It is not uncommon for companies launching new products or entering new territories to sell below production cost in an attempt to penetrate the market.
Notwithstanding the commercial ramifications of such pricing, in the light of a recent Supreme Court ruling in the case of CCE, Mumbai vs. Fiat India Pvt Ltd, such special pricing could also entail additional excise duty cost.
Fiat India manufactured Uno cars using CKD/ SKD (completely/ semi knocked down) kits, which were sold to distributors below production cost. Excise duty was paid on the sale price charged from the distributors. During most of the relevant period, excise duty was applicable on the normal price — that is, the price at which the goods were ordinarily sold in the course of wholesale trade to independent buyers, with price as the sole consideration for sale.
From April 2000, the law was amended to levy excise duty on the ‘transaction value’ — that is, the price at which the goods are sold to independent buyers, with price as the sole consideration for sale.
The authorities contended that the price at which cars were sold in the market could not be considered the ‘normal price’, and price is not the ‘sole consideration’.
The matter went up to the Supreme Court, which finally concluded that the price charged by Fiat was not normal, and its intent to penetrate the market constituted ‘extra-commercial consideration’. Accordingly, the Apex Court restored the original order, which seeks to levy excise duty on the basis of cost of production plus a notional mark-up.
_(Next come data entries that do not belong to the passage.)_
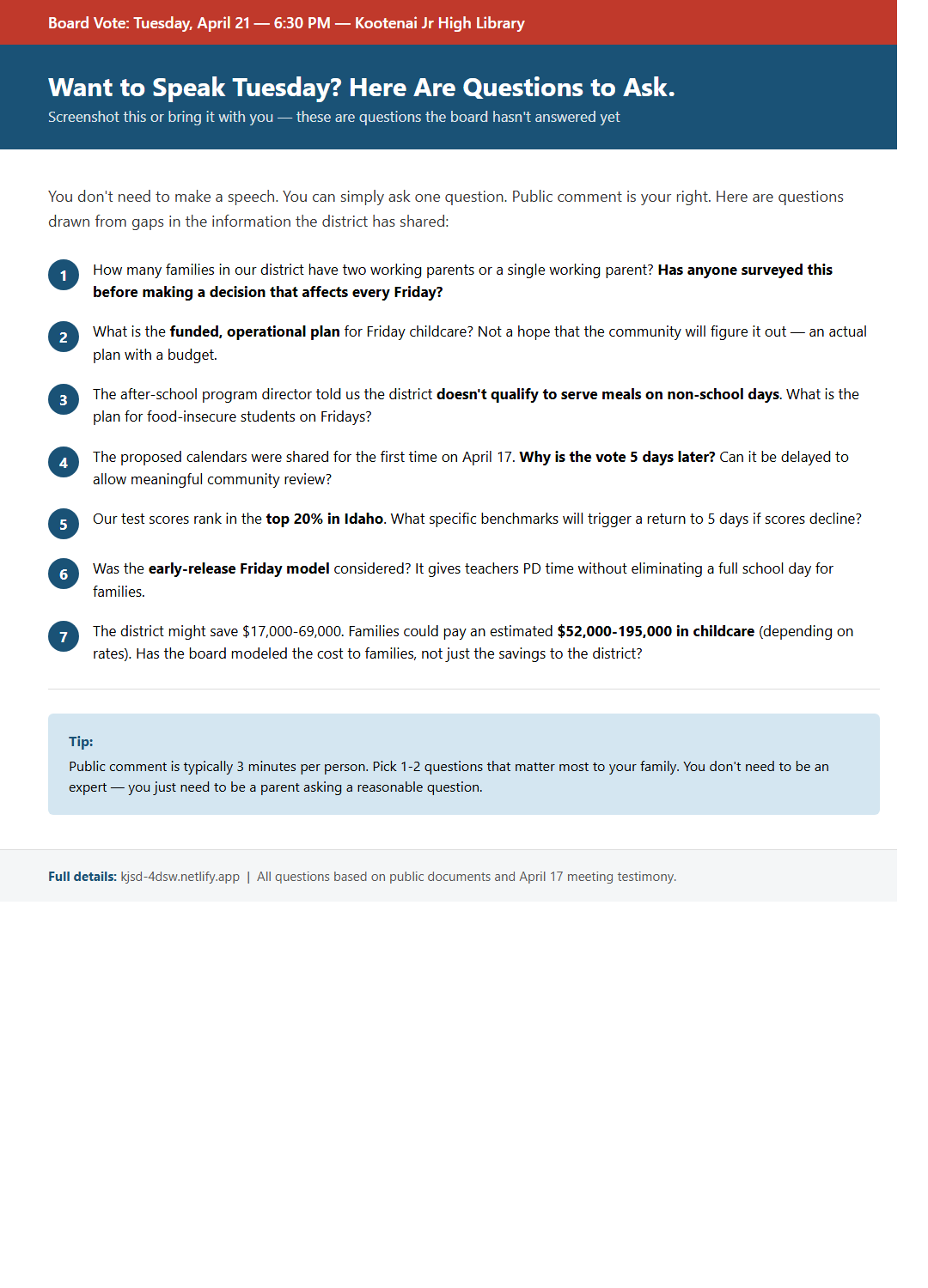 Seven specific questions the board hasn't answered yet. Pick 1 or 2 that matter to your family. You can read directly from the page — you don't need to prepare a speech. Public comment is your right.
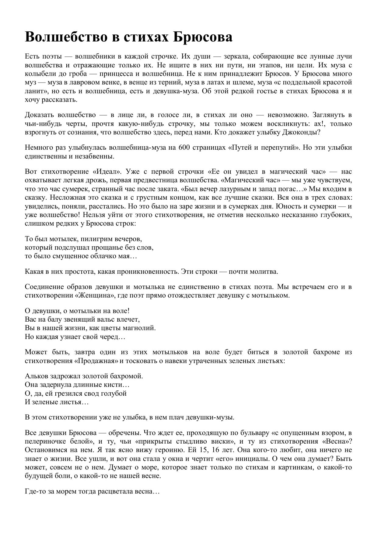 Волшебство в стихах Брюсова
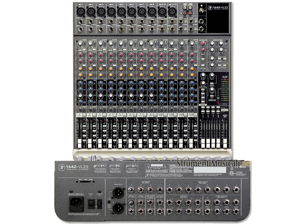 Con il suo nuovo look, circuiti preamplificatori ed EQ aggiornati, il nuovo Mackie 1642-VLZ3 ridefinisce il concetto di perfezione. Con le stesse caratteristiche e funzionalità del suo predecessore, il re-ingegnerizzato Mackie 1642-VLZ3 ha headroom ancora maggiore rispetto all'originale, bus Mix ridisegnato e apportato miglioramenti significativi all'EQ, dando al 1642-VLZ3 una sensazione più intuitiva e musicale. I tre unici formati di channel strip del 1642-VLZ3 permettono di inserire qualsiasi tipo e forma di segnale, tra cui microfono, linea, e strumenti stereo.
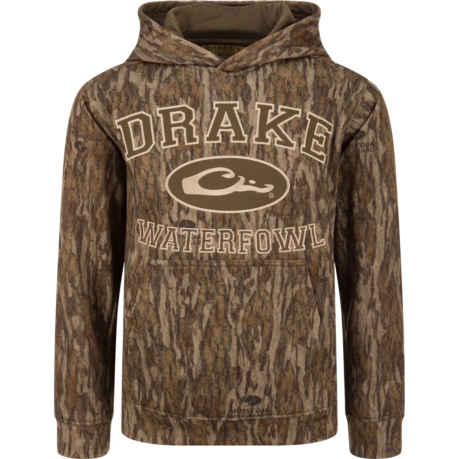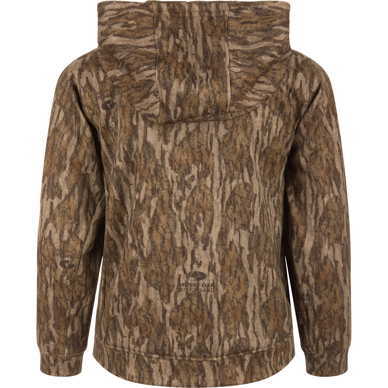 Expertly designed for young athletes, the MST Youth Performance Hoodie offers both comfort and versatility. Crafted with a resilient 7.7oz/260 GSM 92% Polyester/8% Spandex fleece, this hoodie boasts an anti-pilling exterior and built-in stretch for unhindered range of motion. The convenient kangaroo pocket keeps hands warm, and the lined hood ensures head warmth even in harsh environments. Ideal for daily use or outdoor pursuits.

Further, it held that even under the current ‘transaction value’ regime, such a price cannot be accepted, as price is not the ‘sole consideration’.
The unexpected verdict has surprised industry, which was so far under the belief that authorities could not challenge the sale price for levy of duty so long as the transaction is between independent parties.
Although the ruling is in the context of automobiles, it would be relevant for all industries engaged in manufacturing products that attract excise duty on ‘transaction value’. These include pharmaceuticals, petroleum, chemicals, confectionary and others.
Also, given the similarity in valuation provisions under excise and customs, it wouldn’t be surprising if customs authorities too start questioning the import price if they have reason to believe it is less than the cost of production.
The Supreme Court’s decision leaves many questions unanswered. Isn’t excise duty, like all indirect taxes, a tax on consumption, which should apply on the price recovered from the customer?
Would this not give sweeping powers to excise authorities to question the valuation mechanism adopted by manufacturers? Now, excise authorities would be well within their rights to verify the cost records for any product, to ascertain whether it has been sold below cost of production. This exercise may well be undertaken for past years, and companies may receive demands for the differential duty.
Also, the entire mechanism would introduce subjectivity to the valuation process. So, for instance, what would stop authorities from questioning the percentage of profit on a particular product vis-à-vis the industry benchmark, or the profit made by the same manufacturer on other products?
Given the wide ramifications of this decision, one would expect the Government to find a way of offering relief to the industry. It certainly seems a fit case for a retrospective change in legislation to ensure that so long as dealings are between independent parties, the sale price would not be questioned.
Industry will be keenly monitoring developments in this regard.